Taking a step back
Mike Meyer
mwm at mired.org
Tue Oct 20 20:11:13 UTC 2015
On Tue, Oct 20, 2015 at 2:24 PM Ivan Perez <ivan.perez at keera.co.uk> wrote:
> On 20/10/15 19:47, Mike Meyer wrote:
>
> On Tue, Oct 20, 2015 at 1:35 PM Gregory Collins <greg at gregorycollins.net>
> wrote:
>
>> The point Johan is trying to make is this: if I'm thinking of using
>> Haskell, then I'm taking on a lot of project risk to get a (hypothetical,
>> difficult to quantify) X% productivity benefit. If choosing it actually
>> *costs* me a (real, obvious, easy to quantify) Y% tax because I have to
>> invest K hours every other quarter fixing all my programs to cope with
>> random/spurious changes in the ecosystem and base libraries, then unless we
>> can clearly convince people that X >> Y, the rationale for choosing to use
>> it is degraded or even nullified altogether.
>>
>
> So I'll rephrase a question I asked earlier that never got an answer: if
> I'm developing a commercial project based on ghc and some ecosystem, what
> would possibly cause me to change either the ghc version or any part of the
> ecosystem every other quarter? Or ever, for that matter?
>
> I don't know about them, I can tell you my personal experience.
>
> If GHC and all libraries were perfect and free from bugs and ultimately
> optimized, then you'd be right: there would be no reason to change.
>
> But if you ever hit a bug in GHC or a library which was fixed in a future
> version, or if you want an improvement made to it, you may have to update
> the compiler.
>
> Library creators/maintainers do not always maintain their libraries
> compatible with very old/very new versions of the compiler. In an ecosystem
> like ours, with 3 versions of the compiler in use simultaneously, each with
> different language features and base APIs changed, compatibility requires a
> lot of work.
>
> This problem is transitive: if you depend on (a new version of a library
> that depends on)* a new version of base or a new language feature, you'll
> may have to update GHC. If you do not have the resources to backport those
> fixes and improvements, you'll be forced to update. In large projects you
> are likely to use hundreds of auxiliary libraries, so this is very likely
> to happen.
>
> I recently had to do this for one library because I could only compile it
> with a newer version of GHC. This project had 30K lines of Haskell split in
> dozens of libraries and a few commercial projects in production. It meant
> fixing, recompiling, packaging and testing everything again, which takes
> days and it's not unattended work :( It could easily happen again if I
> depend on anything that stops compiling with this version of GHC because
> someone considers it "outdated" or does not have the resources to maintain
> two versions of his/her library.
>
> Does that more or less answer your question?
>
Not really. IIUC, your fundamental complaint is that the cost of tracking
changes to the Haskell ecosystem outweighs any potential gains from using
Haskell. But the choices that lead you to needing to track those changes
don't make sense to me.
For instance, you talk about compatibility requiring a lot of work, which I
presume means between projects. Yes, having to swap out ecosystems and tool
sets when you change projects can be a PITA, but even maintaining the
environment by hand is less work than trying to keep all your projects
compatible across multiple environments. So why do that? Especially when
you have tools like virtual environments and stack to take away the pain of
multiple environments?
And yes, if some part of the ecosystem has a bug you have to get fixed and
an update will get the fix, that's one option. But it also comes with a
cost, in that you need to verify that it didn't introduce any new bugs
while fixing the old one. Plus, dealing with possible changes in the API.

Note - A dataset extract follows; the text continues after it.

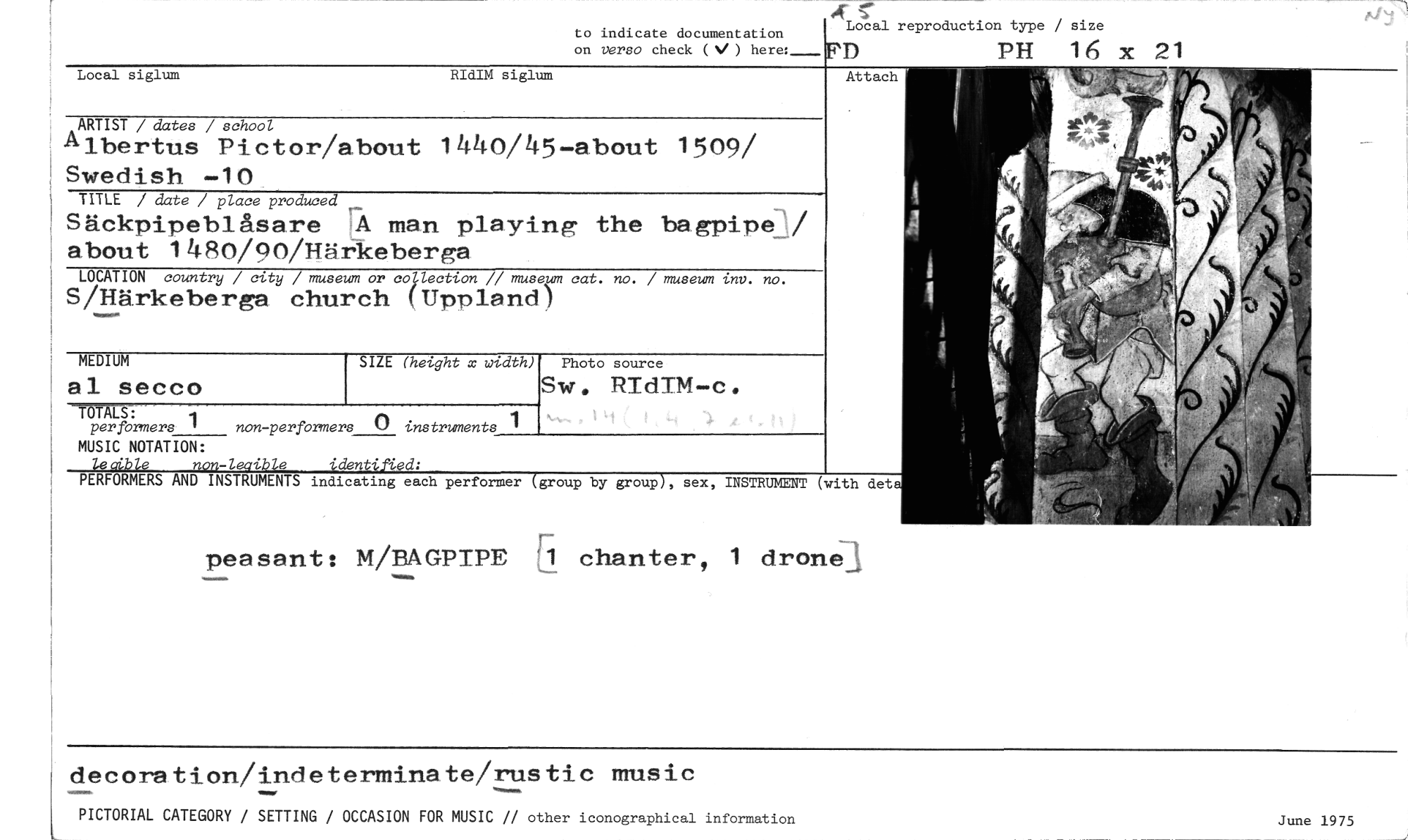 //// peasant: M/BAGPIPE r1 chanter, 1 dronet //// decoration/indeterminate/rustic music June 1975 //// PICTORIAL CATEGORY / SETTING / OCCASION FOR MUSIC // other iconographical information //// to indicate documentation Local reproduction type / size //// on verso check (V) here:_ FD PH 16 x 21 //// Local siglum RIdIM siglum //// ARTIST / dates / school //// Albertus Pictor/about 1440/45-about 1509/ Swedish -10 //// TITLE / date / place produced //// Säckpipeblåsare A man playing the bagpipe_./ about 1480/90/Härkeberga //// LOCATION country / city / museum or copection // museum cat. no. / museum inv. no. //// S/Härkeberga church (Uppland) //// MEDIUM //// al secco //// T T LS: //// per formers 1 non-performers 0 instruments //// MUSIC NOTATION: //// Photo source //// Sw, RidTM-c. //// e 'den is.; //// PERFORMERS AND INSTRUMENTS indicating each performer group by group , sex, INSTRUMENT (with det //// SIZE (hetght x width) ////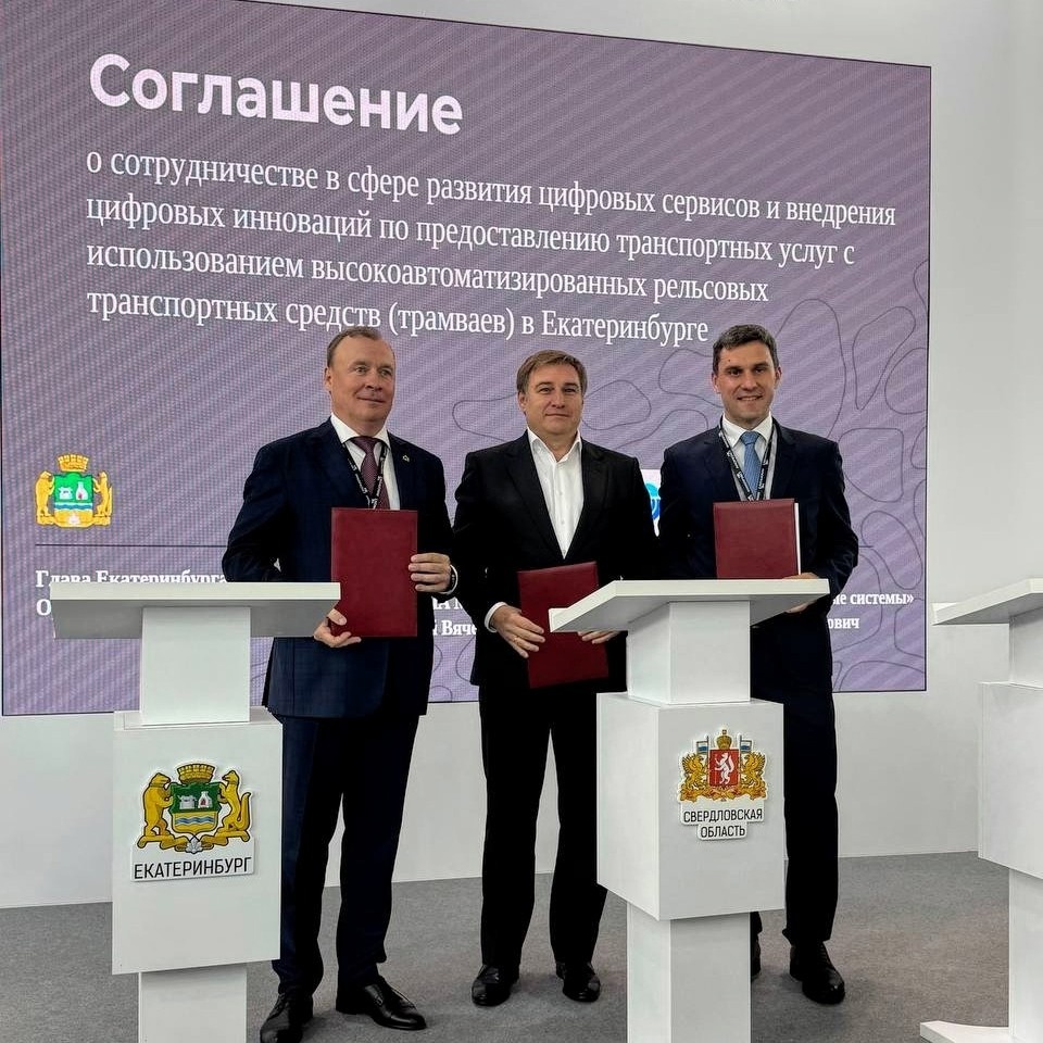 7 июля 2025 года в ходе деловой программы выставки ИННОПРОМ состоялось подписание Соглашения о сотрудничестве в сфере развития цифровых сервисов и внедрения цифровых инноваций по предоставлению транспортных услуг с использованием высокоавтоматизированных рельсовых транспортных средств (беспилотных трамваев) в городе Екатеринбурге.

And as you note, if that forces you to update some other part of the
ecosystem, all that work is transitive to those other parts. It indeed adds
up to a lot of work. Enough that I have to question that it's less work
than backporting a fix, or even developing a new one from scratch.
Over a couple of decades of building commercial projects in the P
languages, when faced with the alternatives you outlined here, updating
anything major was never the choice if more than one person was actively
writing code. Even with a language that put a priority on not breaking old
code in order to minimize the cost of doing that update.
Maybe there's something I'm missing about Haskell that makes fixing
somebody else's code take a lot more resources than it does in other
languages. In which case that, not the changing ecosystem, is the argument
against Haskell.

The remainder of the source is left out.